# kindle 3 won't connect to wi-fi or whispernet



## mkehrer (Feb 27, 2011)

i bought a kindle 3 from Amazon and fired it up two days ago.  last night, while using it on my wi-fi, it stopped accessing my network.  the networks shows 4 bars and my laptop is connected, but no joy on the kindle.  i switched to whispernet and it shows 4 bars, but no joy again.  i rebooted, left it overnight and it still doesnt want to connect to wi-fi or whispernet.  do i need to return it?  or is somehting else going on?


----------



## Ann in Arlington (Oct 27, 2008)

First. . .some clarification in terms. Kindle's wireless connection IS Whispernet. It can happen via WiFi or 3G depending on the model you have. K3's with both will attempt to connect first to an open WiFi spot and then go to 3G if it doesn't find one. You can force it to use 3G by telling it to 'forget' the WiFi signal it's finding.
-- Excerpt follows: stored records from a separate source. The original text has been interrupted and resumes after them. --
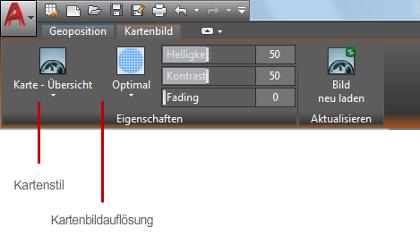 Wenn Sie bei Autodesk A360 angemeldet sind, können Sie die Auflösung von Kartenbildern ändern, die Größe und Opazität anpassen oder auf die neueste, beim Online-Kartendienst verfügbare Version aktualisieren.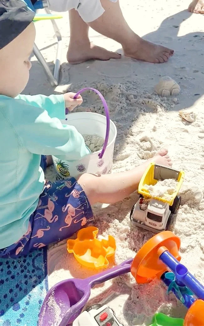 - A simple beach bucket like this can provide tons of fun for kids. They'll love filling it with sand, dumping it, filling it with water, dumping it, repeat, repeat! For more fun, get a whole lot of toys like this beach toy set that R has!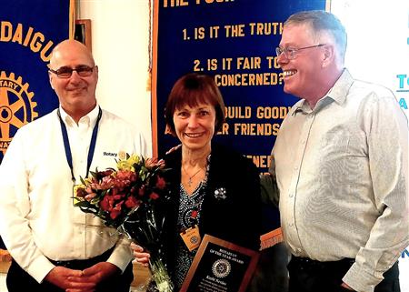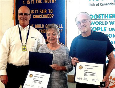 Mike Wilcox PH+8, Greg Gullo PH+2 and Mary Green PH+8 receive new Paul Harris Awards.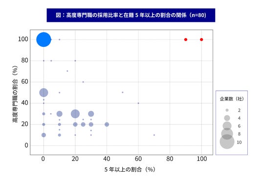 在籍5年以上の割合は0~20%に集中しており、長期定着は限定的であることが示されました。特に、高度専門職比率が100%でありながら在籍1年未満が中心の企業(青い点)も見られ、採用の新規化や定着途上の状況が示唆されます。一方で、高度専門職のみで構成され、かつ9割以上が5年以上在籍する企業(赤い点)も見られ、採用と長期定着を両立する例も確認されました。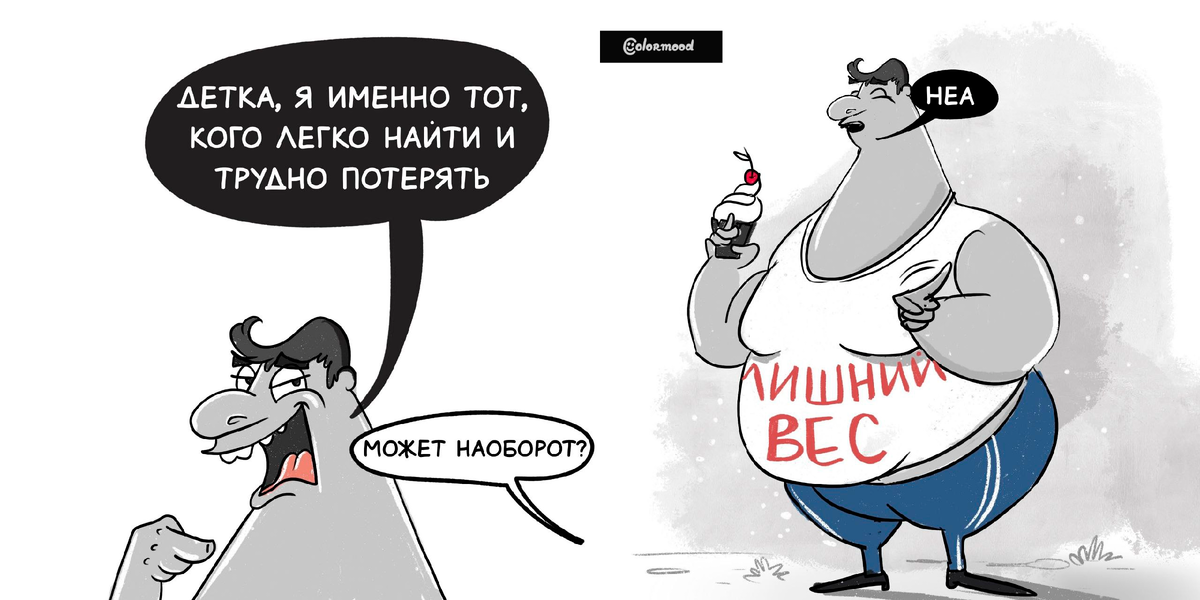 Если вам когда-нибудь приходилось отказываться от сладкого или садиться на диеты, то вы наверняка сможете понять чувства героев комиксов в сегодняшней подборке. Ведь на этот раз вас ждут 10 забавных зарисовок о лишнем весе и похудении - для всех, кто иронично смотрит на мир и готов посмеяться даже над теми темами, которые порою принято умалчивать. Надеюсь, что эти картинки поднимут вам настроение! Российская художница под псевдонимом Colormood известна в сети благодаря своим комиксам о волке, который постоянно что-то съедает. Но есть и много комиксов на другие - самые разные темы. К примеру, одна из зарисовок посвящена персонажу, с которым вряд ли кто-то хотел бы повстречаться. Российская художница под псевдонимом KoDa - создательница проекта Обитель Золотого Дракона - рисует яркие и очень смешные комиксы об огнедышащих ящерах. Драконы в этих зарисовка получаются очень даже человечными, потому что им совсем не чужды обычные проблемы - вроде желания съесть что-то большое и вредное. В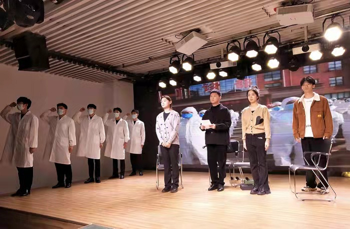 4月27日,由英国365戏剧影视文学和播音与主持艺术专业师生联合创作表演的抗疫独幕剧《前夜》在文澜楼一楼3D演播厅上演。
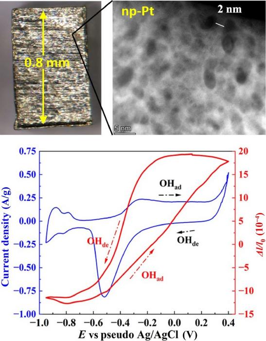 What was most unique about the study was how the researchers manufactured the np-Pt material. “The main breakthrough in this research is that we obtained bulk np-Pt by electrochemical dealloying. Past studies on np-Pt were all based on nanoparticles or films that were prepared using more expensive commercial Pt particles. So the easy and cheap method of dealloying increases the practicality of np-Pt and makes further research possible,” said Sun.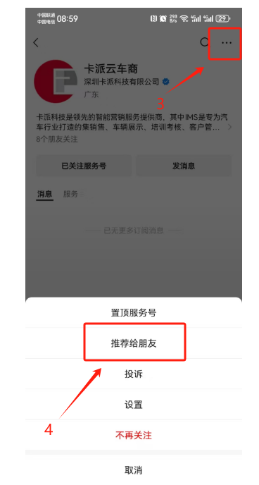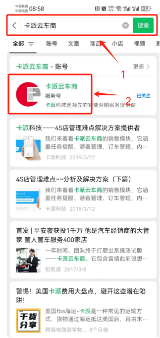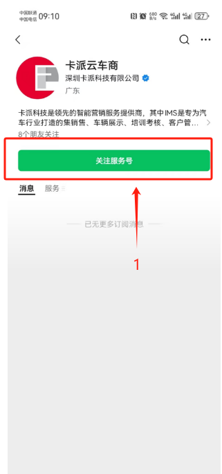 ▲客户通过销售顾问或者服务顾问分享的二维码或者搜索经销商的微信公众号,然后进行关注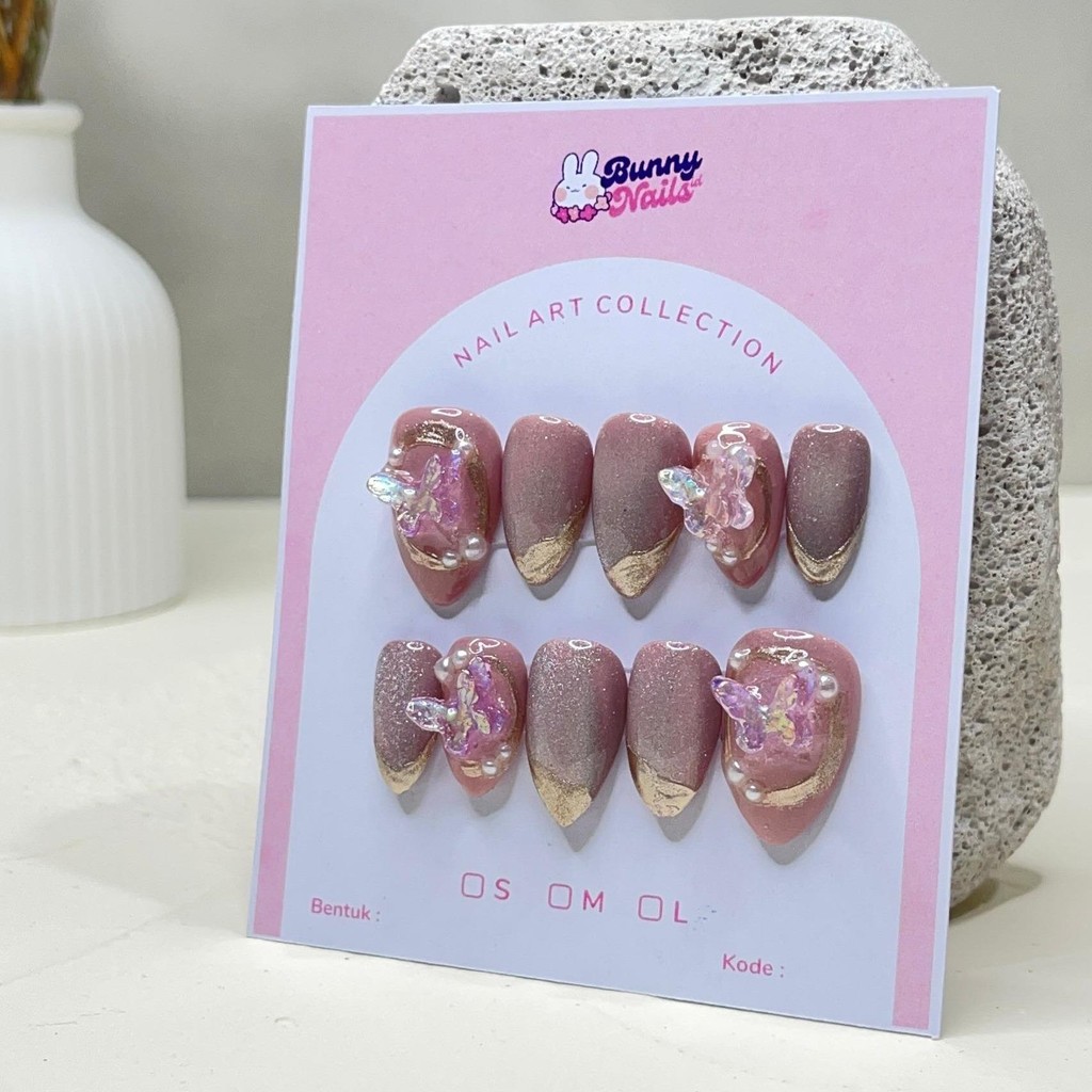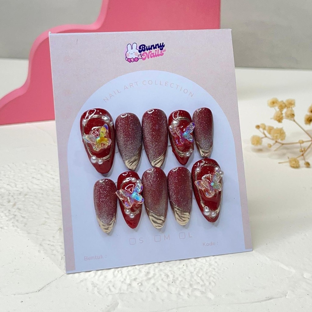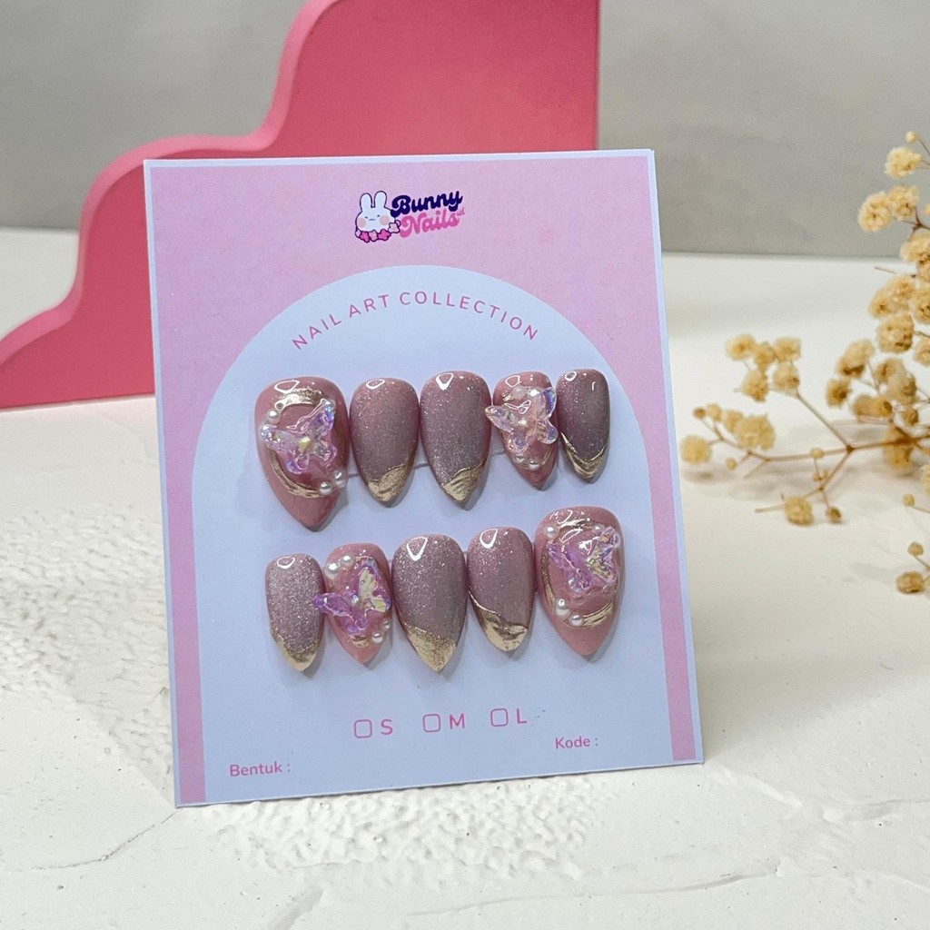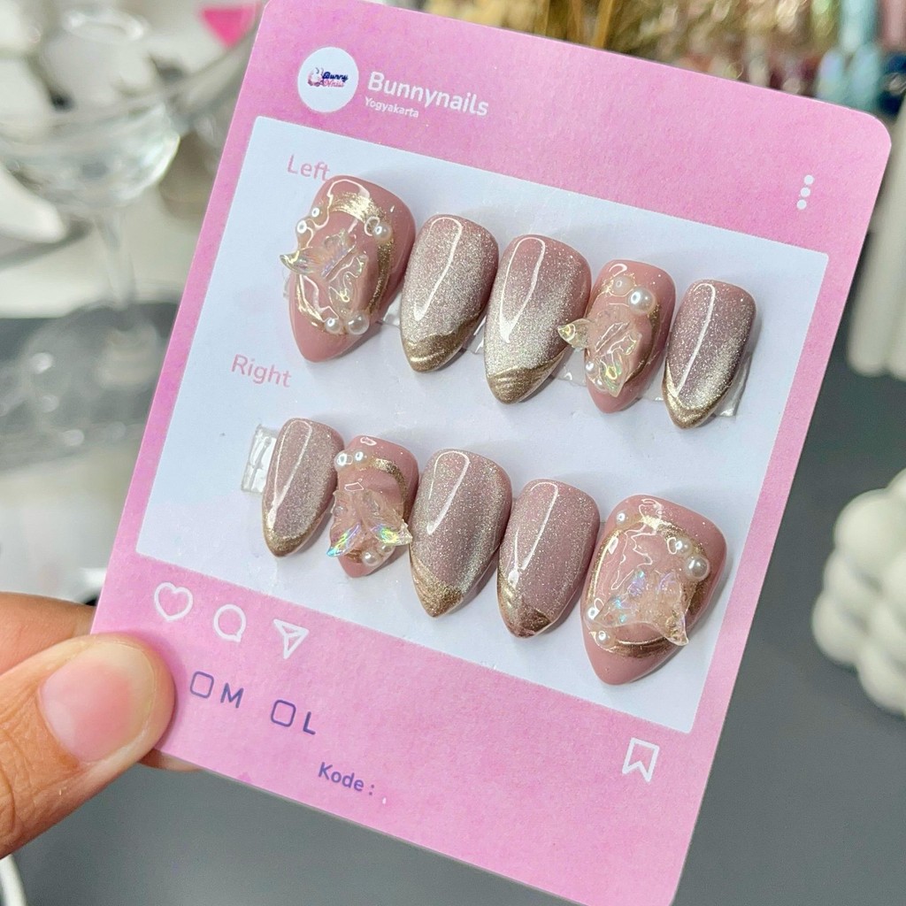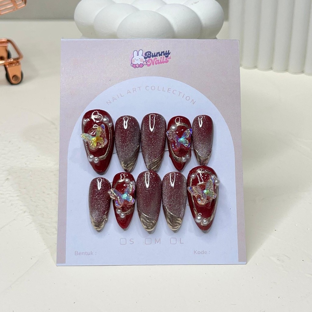 DV 01 Press On Nails Cat Eye Wedding 3D Nude Maroon Pink Coklat Premium | Kuku Palsu Bunnynailsid

For WiFi issues, the thing to do is make sure your router is working properly. Some folks have reported trouble with the Kindle keeping connections to older routers, though they may work fine with your computer. And some have had trouble with extra long passwords -- though it sounds like yours was working fine at first, so this is less likely.

If you told it to forget your connection so you could force it to 3G -- the only way you could manually 'switch' it -- you'll have to tell it again how to connect to your WiFi when you want to try it again. If you didn't tell it to forget the WiFi connection, it was still trying to use it, and apparently having issues. 
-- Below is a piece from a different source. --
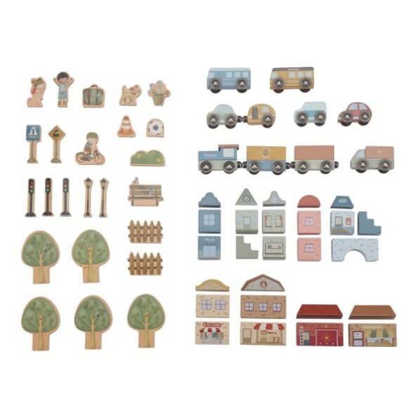 Izgradite vlastiti svijet s drvenim setom vlakova Little Dutch XL! Ovaj opsežni set uključuje lokomotivu, vagone, tračnice, mostove, zgrade, automobile i figure. Tu su i drveće i prometni znakovi. Mogućnosti su beskrajne! Prevezite vlak preko mosta, zaustavite se na stanici i istražite grad. Kombinirajte set vlakova XL s dodatnim setovima kako biste igru učinili još zabavnijom. Ukrcavate li se?

If you can't connect via 3G either, the problem could be the Kindle, but it could also be in the 3G network where you are.
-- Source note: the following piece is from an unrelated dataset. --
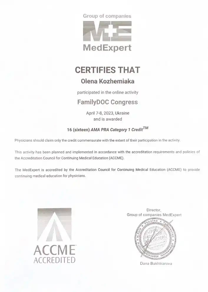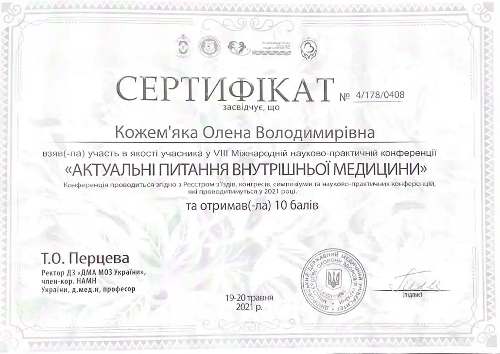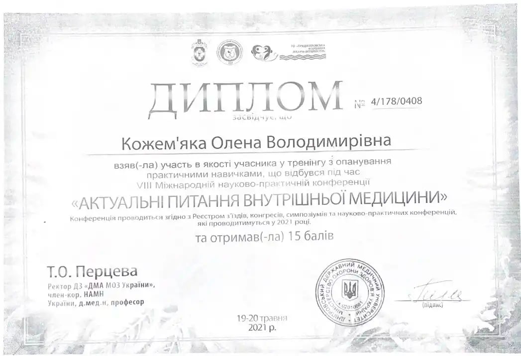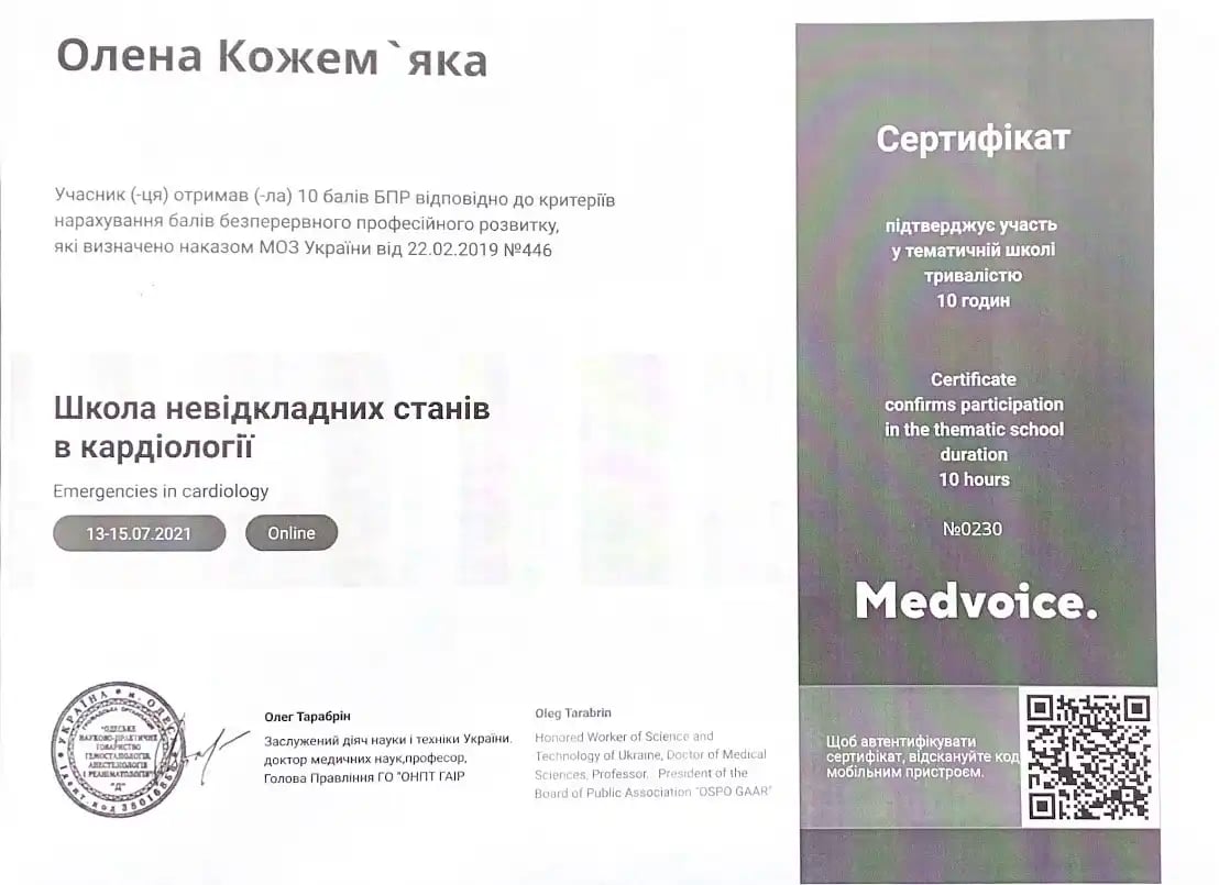Получила специализацию по нефрологии в Харьковской медицинской академии последипломного образования.

You've done the right thing by doing a restart and trying again. Others here may have other suggestions, but if nothing works it might be best to contact Kindle Customer Support as they will have some other troubleshooting things you can try.


----------



## ff2 (Oct 20, 2010)

A wifi router can use the same frequency as a cordless phone (not cell phone) and if used in the same vicinity, it can knock the device, kindle or laptop, etc, off the network.  It is the 2.4xxx frequency that can have the interference.

You could also try going to a location with wifi such as a coffee shop or library and see if you can get on with their signal to test whether your wifi has gone bad on the kindle.


----------



## pidgeon92 (Oct 27, 2008)

When you say you rebooted it, did you just turn it on and off, or did you do an actual restart?

Try restarting the Kindle, by either

-- going through the menu (Menu _button_ -> Settings -> Menu _button_ - Restart)
or
-- holding the slider switch for 15 - 40+ seconds until the Kindle reboots.


----------



## SusanCassidy (Nov 9, 2008)

Occasionally, our wi-fi router gets confused, and will not let anything connect.  I unplug it, plug it back in, and after a few minutes, it lets me connect again.


----------



## cxw1044 (Apr 25, 2011)

Any luck fixing this?

I'm having the same problem.
Temporarily even disabled security on the router and it still won't connect...
Other devices (phone, laptop) connect fine...


----------



## Igamikun (May 30, 2011)

My girlfriend's mother has a kindle, which is why I made the account on here. But she had the same problems listed and the hard reset seems to be the best bet. Worst case scenario there is always amazon's tech support line.


----------



## uktbgold (Jun 3, 2011)

FWIW, this once happened to me. Turned out the Kindle needed to be charged


----------